Thursday, June 26, 2014

Patience? I Am A Screaming Child

               Patience. Oh boy, as much as I love my baby girl to pieces, I don't love the screaming temper-tantrums. I thought we had a little more time before this stage in her little life, but as it goes with babies-she's always keeping us on our toes. God has had to teach me about patience over and over again throughout my short life. I don't think my brain will ever fully comprehend what it means to be patient. Motherhood is a daily reminder of how impatient I actually am, and how much I need God and the Holy Spirit to work in me!

            Watching Charlie scream and holler because she wants her toy to do something it wasn't designed to do, makes me wonder if this is how we look in the eyes of God sometimes. I know in my life there are moments when I just can't understand why things aren't working my way and I complain. I am just a little human, ignorant-lacking the vision and knowledge that God has. I'm like my daughter; throwing my toys across the room and screaming on the top of my lungs because I'm upset that it won't fit in my mouth or spin around on the floor. I seriously need to take a chill pill-perhaps a dose of some heavenly peace and patience? :)

           God has so much patience with me. I imagine His love for me as His child looks a lot like the love I have for my child-only perfect and selfless. Even as my daughter screams (again) because things won't work her way, I can't help but love her. I see things she doesn't yet understand and that I can't explain to her underdeveloped brain, but someday I know these days of frustration will be gone (I hope) and replaced by ever growing understanding, insight and wisdom.
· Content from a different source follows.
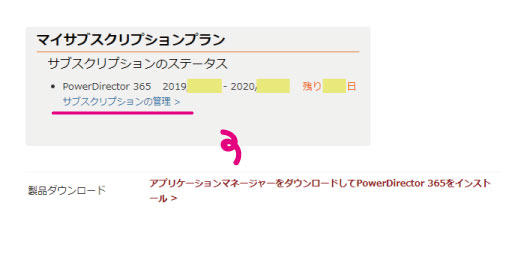 「アプリケーションマネージャーをダウンロードしてPowerDirector 365をインストール 」をクリック

I can smile as I watch her learn and grow. I can pray for her and with patience and a loving hand show her and teach her wonderful things about life everyday. I can't wait to watch her learn how to play with her toys, and how to read and all about the beautiful things God has created for her to enjoy. Likewise, I think God delights in watching me grow and learn, and showing me the beautiful things all around me-even though today my understanding is limited.

         Becoming a parent has changed my perspective and continues to change the way I see God. I hope as I learn to be more patient that God continues to reveal His beautiful mysteries and to teach me the many things I have yet to learn and understand.


Seriously though, how can I be impatient with a face like this one?